The British monarchy always comes to the rescue, with its pomp and circumstance, of a United Kingdom in the doldrums. If the celebration of Elizabeth II’s Platinum Jubilee served to encourage a nation just out of the pandemic and scandalized by Boris Johnson’s parties and half-truths, the coronation of his son, Charles III, will serve to extol the essence of what it means to be British in the midst of a cost-of-living crisis, runaway inflation and a Conservative government hit hard at the polls — local council elections were held in England on Thursday — with inevitable signs of wear and tear after a decade in power.
There are no official figures, but estimates by various media outlets suggest that Operation Golden Orb will cost more than €120 million and involve a security deployment of 11,500 police officers. Thousands of Britons have been flooding the streets of London these days. The surroundings of Buckingham Palace are a festival of flags, tents and all kinds of patriotic symbols. The BBC broadcast is expected to attract hundreds of millions of global viewers.

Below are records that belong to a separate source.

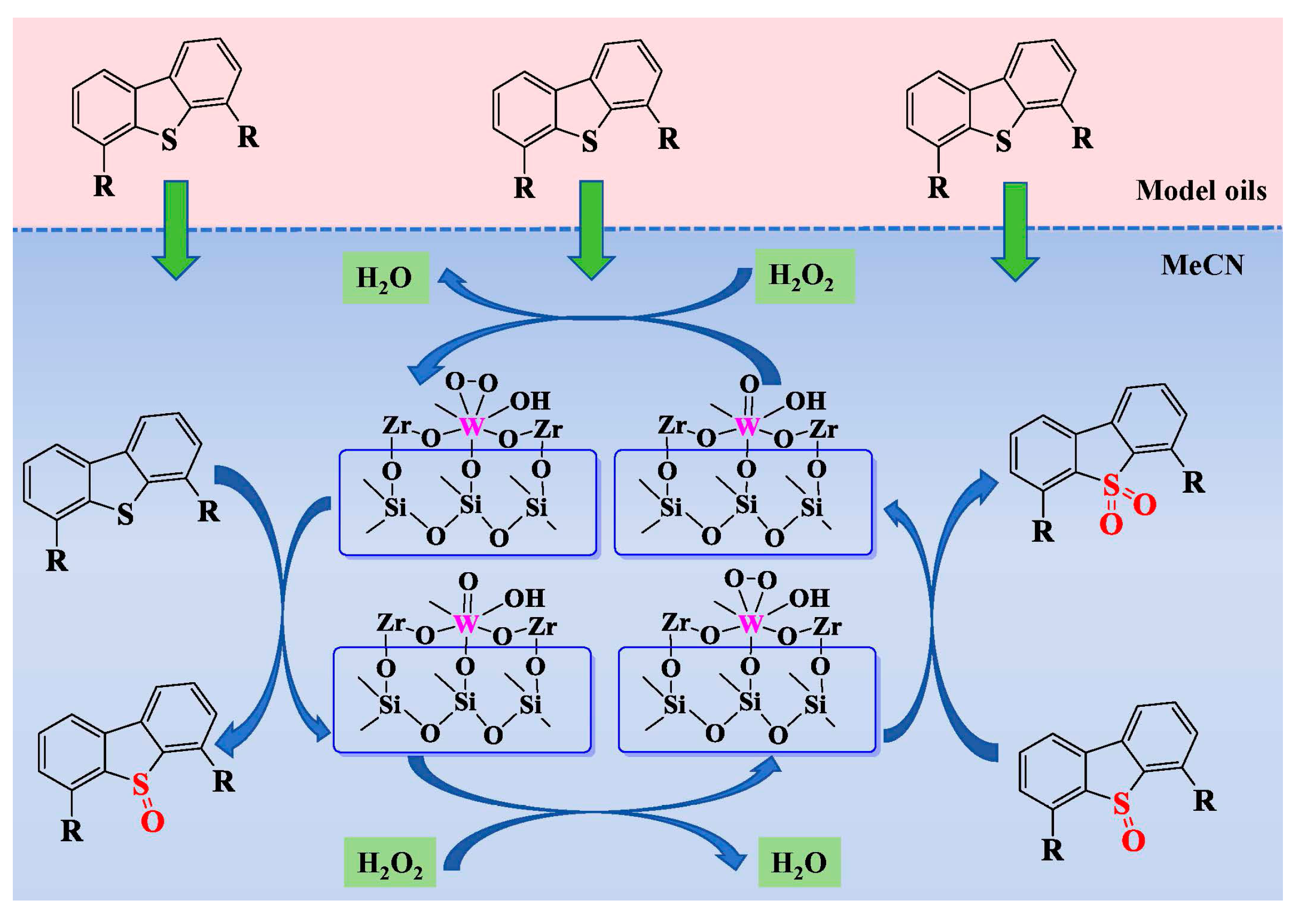 - Xun, S.; Hou, C.; Li, H.; He, M.; Ma, R.; Zhang, M.; Zhu, W.; Li, H. Synthesis of WO3/mesoporous ZrO2 catalyst as a high-efficiency catalyst for catalytic oxidation of dibenzothiophene in diesel. J. Mater. Sci. 2018, 53, 15927–15938. [Google Scholar] [CrossRef]
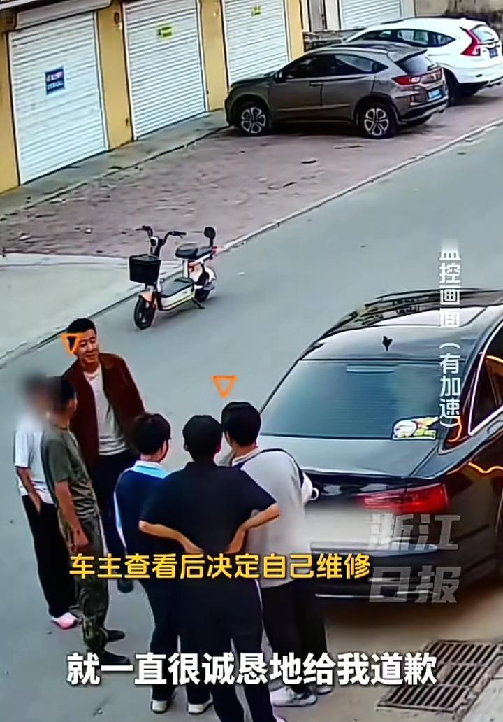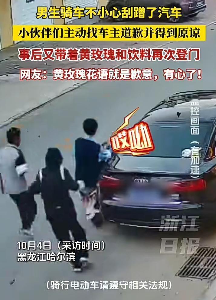 三名学生放假在街头玩耍,一名骑着电动车的不小心蹭到了停在路边的高级小轿车,他们没有想着逃离在环视了一圈后到处寻找车主,在附近火锅店找到了车主,说明情况后车主急忙去查看被蹭情况,三名学生一直跟随左右,不停的道歉并表示愿意共同承担维修费用,车主看他们是学生并且愿意主动承担责任,尤其是另外两名同学根本不关他俩的事依然决定和小伙伴共进退,这种义气感染了车主。 本来爱车被蹭一肚子火气,但是看到孩子们勇于承担责任并且非常讲义气,于是对他们说早点回家,没事我自己修修就可以了,就这样三个孩子离开了,他继续回火锅店,那是他母亲的火锅店今天有空特意来照料一下,没想到半个小时后三名学生带着黄玫瑰花和几瓶饮料来表示歉意,一时弄的车主怪不好意思的,还从来没有人给自己送过鲜花,每次过节都是自己给媳妇买红玫瑰花,虽然他们是孩子但是举动却一点不亚于大人,可能他们的父母更优秀,才能教育出这么有担当的孩子,车主沉思很久后说:没想到现在的孩子被教育的这么好,他们承担过失的那一刻不仅是对无意的醒悟,也是对未来的启迪,如此有责任心的孩子在以后的社会上必然能有一番作为。 只能说讲究人遇到讲究人,在了解了情况后一方讲究人愿意将就处理,而另一方用自己独有的浪漫主义情怀温暖了车主的将就,对于孩子多一些包容让他们茁壮成长,在温暖的社会中感受到更多的情真意切,愿意承担责任是一个人最优秀的品质,和同伙共进退那么就是仗义走天涯。
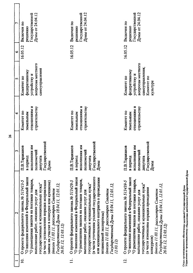 "О КАЛЕНДАРЕ РАССМОТРЕНИЯ ВОПРОСОВ ГОСУДАРСТВЕННОЙ ДУМОЙ С 15 ПО 25 МАЯ 2012 ГОДА"
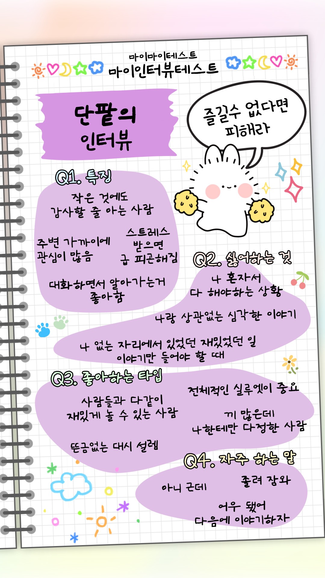 MyMyTest가 새로운 MyInterview 테스트와 함께 나왔기 때문에 한번 시도해 보았습니다. 특징, 싫어하는 것, 좋아하는 유형, 자주 하는 말을 말하는 것 같았습니다.

Yet the processions before and after the religious ceremony, and all the liturgy that will take place inside Westminster Abbey, will be noticeably more modest than those that took place in 1953, during the coronation of Elizabeth II. Compared to the 8,000 guests then concentrated in the Anglican temple back then, on Saturday there will be about 2,200. The number of nobles and lawmakers asked to the event has been drastically reduced to make room for doctors, nurses, volunteers from charitable organizations, and social workers.
Charles III will preserve an ancient tradition —the first coronation dates back to William the Conqueror in 1066— but with touches of modernity to reflect a United Kingdom with a greater plurality of religions, more diversity and less attachment to any one faith. There will be representatives of Judaism, Islam, Hinduism and Buddhism, although the head of an eminently religious ceremony will be the Archbishop of Canterbury, Justin Welby.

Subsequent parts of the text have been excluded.